I think a big factor in Asimov's laws specifically being sidelined is that the whole process of building AI looks very different from what we pictured back then.

Instead of us programming the AIs by feeding it lots of explicit hand-crafted rules/instructions, we're feeding the things with plain data instead, and the resulting behavior is much more black-box, less predictable and less controllable than anticipated.

Training LLMs is closer, conceptually, to raising children than to implementing regexp parsers, and the whole "small simple set of universal constraints" is just not really applicable/useful.

Isn't this worse, though? You said it yourself, it's an even blacker black box that nobody truly understands. And we even have an attempt at setting rules for these things akin to Asimov's laws, those "system prompts" that people are fascinated by are testament to that and they tend to be THOUSANDS of statements long (and they're not very good at following them).

People often misunderstand Asimov's laws, the entire point of the laws and the stories they're set in was that you can't just throw a simple "Don't hurt people" clause at a black box like AI and expect good results. You first have to define "Don't", then you have to define "hurt" and perhaps the hardest of all is you have to define "people". And I mean really define it, to the smallest most minute detail of what exactly all those words mean. Otherwise you very quickly run into funny, tragic and even contradictory situations, and those situations are endlessly unique.

Is feeding grossly unhealthy food to a starving person harm? Perhaps not, you can argue it's better to eat something unhealthy than to starve. What about feeding someone on the brink of a cardiac arrest that same meal? Now what about all the other gray areas involved here, you have to define every single possible situation in which an unhealthy meal might affect someone.

It's kinda funny, because it really is almost prophetic considering it's a story written quite a long time before we were even close to it being a reality...

My point is that past expectations about AI where that it would be possible/most viable to set hard, explicit constraints on behavior, like how a stream of instructions constrains the behavior of a CPU.

There simply IS no explicit definition for "people", "hurt" or "don't" inside an LLM that you could found such hard constraints on.

Note that we never found a way to "program" such constraints into a human mind either, we probably/hopefully never will, and I think that whole approach ("simple, hard deterministic constraints") is just never gonna work for AI; so Asimovs rule framework is just not really applicable.

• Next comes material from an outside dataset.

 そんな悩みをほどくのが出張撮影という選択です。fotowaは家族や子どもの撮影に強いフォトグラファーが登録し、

Raising children involves a whole lot of simple constraints that you gradually relax.

“Don’t touch the knife” becomes “You can use _this_ knife, if an adult is watching,” which becomes “You can use these knives but you have to be careful, tell me what that means” and then “you have free run of the knife drawer, the bandages are over there.” But there’s careful supervision at each step and you want to see that they’re ready before moving up. I haven’t seen any evidence of that at all in LLM training—it seems to be more akin to handing each toddler every book ever written about knives and a blade and waiting to see what happens.

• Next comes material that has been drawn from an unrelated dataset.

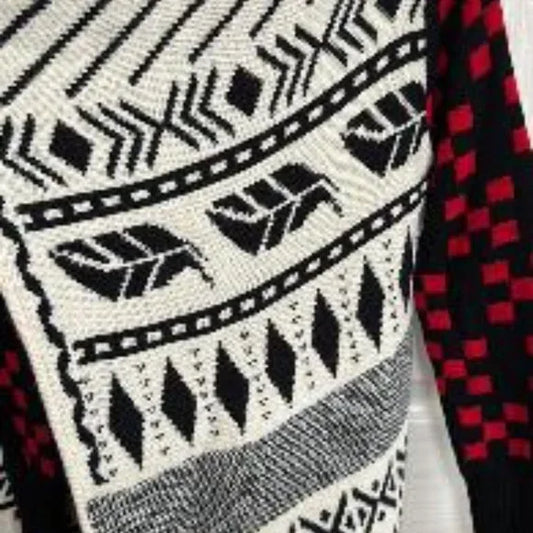 NWOT Francescas Red White Printed Long Sleeve Cardigan Sweater Medium Women's

Asimov didn't describe robots programmed using formal logic. All robots in Asimov's stories had "positronic brains" that were described as being quite humanlike and unpredictable. His stories all revolve around this: the 3 laws are intentionally vague and open to interpretation, allowing non-deterministic or surprising outcomes. Not so different to LLMs.
>Training LLMs is closer, conceptually, to raising children than to implementing regexp parsers, and the whole "small simple set of universal constraints" is just not really applicable/useful.

That this can be said, and there still being so doubt we should ramp up the Ethics research before going and rawdogging the implementation just bloody bewilders me.

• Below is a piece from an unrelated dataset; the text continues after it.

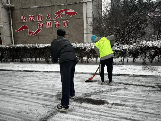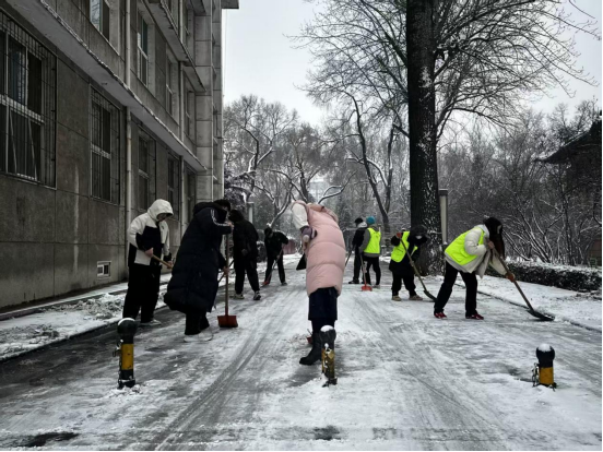 学生党员同志与学生会工作人员手持铁锹、除雪铲等工具,分工协作、默契配合仔细清扫路面积雪,以实际行动保障老师与同学们的出行安全与生活秩序。

> Instead of us programming the AIs by feeding it lots of explicit hand-crafted rules/instructions, we're feeding the things with plain data instead, and the resulting behavior is much more black-box, less predictable and less controllable than anticipated.

I dunno, we do feed them lots of explicit hand-crafted rules/instructions, it's just that does don't go into the training process, but instead goes into the "system"/"developer" prompts, which is effectively the way you "program" the LLMs.

So you start out with nothing, adjust the weights based on the datasets until you reach something that allows you to "program" them via the system/developer prompts, which considering what's happening behind the scenes, is more controllable than expected.

Yes, but those hand-crafted rules are just input data, they don't actually constrain the behavior, they are just an attempt.

Similarly to how verbal instruction works with a child: You can tell it not to touch the hot stove, but the child still might try.

> they don't actually constrain the behavior

They do actually constraint the behavior, to various degrees of success which depends on the model, the system prompt, the inference parameters, the current context length and a lot more. Add in the new `developer` role and you have another venue for constraining the assistant outputs. Finally, structured outputs can help in forbidding specific terms too.

You can zap them with RL.
> Training LLMs is closer, conceptually, to raising children than to implementing regexp parsers

Well then that's terrifying - the problem with children is that you can raise them perfectly and they still end up psychos. That's mostly limited by the fact that we can't raise many children and humans are pretty limited in the damage they can do.

But AI scales infinitely, and if we give it access to too much stuff then the damage it could do could be human race ending.

It might make a comeback when we finally get good at teachning AI what's real and what's imagined and also logical reasoining. I think it does moral evaluation of actions mostly well already (bacause humans are not great at it anyways). Then a rule like "don't harm humans" might suffice.
The AI has a huge problem with knowledge of the real because, unlike humans struggling with the question of whether the universe might be a simulation or we might be a brain in a jar dreaming that we're human, the AI is a simulation and it is a brain in a jar. It cannot prod the real universe to determine what's real.
I’m not sure we will ever get good at teaching them to distinguish reality from imagination. Feels like there are too many generative models pushing everything from fake songs to fake video clips.
We can’t even do it ourselves. People live in their own “truth”.
All I know is when I asked Grok, Claude, ChatGPT, and Gemini if it believed in the Hogfather, only ChatGPT and Claude said yes.

We gotta work on getting the other models to agree.

> the whole process of building AI looks very different from what we pictured back then.

Right, and so do the harm risks. We need a framework centered around how humans will use AI/robots to harm each other, not how AI/robots will autonomously harm humans.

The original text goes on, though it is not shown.